Although there were reports from the SBA that the 2013 fiscal year budget could be reduced, several participating lenders say those reductions will have no impact on their operations.
$16 Billion Is Enough According to the SBA, the allocation in the next budget cycle for the 7(a) program will decrease from $17.5 billion to $16 billion. The 7(a) program is the most common type of SBA loan and can be used to purchase a building or equipment, or for working capital. “I don’t see $16 billion being a problem at all,” said David Bartram, executive vice president of Seacoast Commerce Bank and head of its SBA division. Next fiscal year’s SBA budget contains more money to subsidize the program because of an increasing number of loans that defaulted during the recession years, Bartram said. In terms of Seacoast business, it’s on track to beat the numbers it had in the past fiscal year, Bartram said. For the year ended Sept. 30, Seacoast made 204 loans for $151 million, compared with 142 loans for $92 million in the prior fiscal year. Seacoast, which is based in Chula Vista and has $150 million in assets, added three new SBA loan production offices in recent months, in Las Vegas, Salt Lake City and San Ramon, bringing its total to 10. The bank makes more than half its SBA loans in California, but has also seen good business in Texas in the past year. In San Diego, originations are down this year mainly because this market has so many banks making SBA loans, Bartram said.
Last Year an ‘Anomaly’
Kurt Chilcott, chief executive at CDC Small Business Finance Corp., a nonprofit that partners with banks on SBA 504 loans, said the number of this fiscal year’s loans will come in lower because of the government incentives that expired.

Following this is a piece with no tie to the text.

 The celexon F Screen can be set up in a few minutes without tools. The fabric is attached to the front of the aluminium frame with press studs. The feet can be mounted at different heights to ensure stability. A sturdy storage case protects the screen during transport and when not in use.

“Last year was an anomaly created by these additional programs that made the loans more popular with both the banks and small businesses,” Chilcott said.
In the 2011 fiscal year, CDC Small Business Finance reported that it participated in 503 SBA loans used to purchase business owner-occupied real estate for total financing of $737 million. That compared with 438 of those loans, made through the SBA 504 program, for $771 million in the 2010 fiscal year.

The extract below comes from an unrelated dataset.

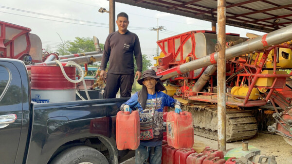 ขณะที่เจ้าของรถเกี่ยวข้าว อ.สามชุก บอกว่าแต่ละวันต้องขับรถไปตะเวนเข้าคิวต่อแถวซื้อน้ำมันมาใส่รถเกี่ยวข้าวแบบวันต่อวัน ปกติรถเกี่ยวข้าว 1 คัน จะเกี่ยวข้าวได้วันละ 30-40 ไร่ ใช้น้ำมันวันละ 150-200 ลิตร แต่ปัจจุบันบางวันซื้อน้ำมันมาได้แค่ 40-50 ลิตรบ้าง ก็จะเกี่ยวข้าวได้วันละประมาณไม่เกิน 10 ไร่ เพราะไม่มีน้ำมัน บางวันตะเวนหาซื้อน้ำมันมาได้มากก็จะเกี่ยวข้าวได้มาก แต่ละวันต้องขึ้นอยู่ที่จำนวนน้ำมันที่หาซื้อมาได้ ถ้าข้าวได้กำหนดเก็บเกี่ยวแล้ว แต่รถเกี่ยวข้าวไม่มีน้ำมันไปเกี่ยวให้ชาวนา ข้าวก็จะเสียหาย ขายไม่ได้ราคาอีก

Chilcott said the SBA instituted a commercial refinancing program last year that continues to gain traction with business owners. The program allows businesses that are at least two years old and facing a balloon payment on their loan to refinance debt at a lower interest rate.
Like several others engaged in SBA lending, Chilcott said even if the 2013 fiscal year budget for the agency is reduced, there will be plenty of funds for the level of borrowing that’s anticipated nationally and locally. Perhaps a more challenging issue facing the agency and SBA lenders is just getting a budget for the SBA passed by Congress.
If it doesn’t pass, then the SBA would have to arrange some type of partial funding to keep the loan programs operating until final funding is approved, he said.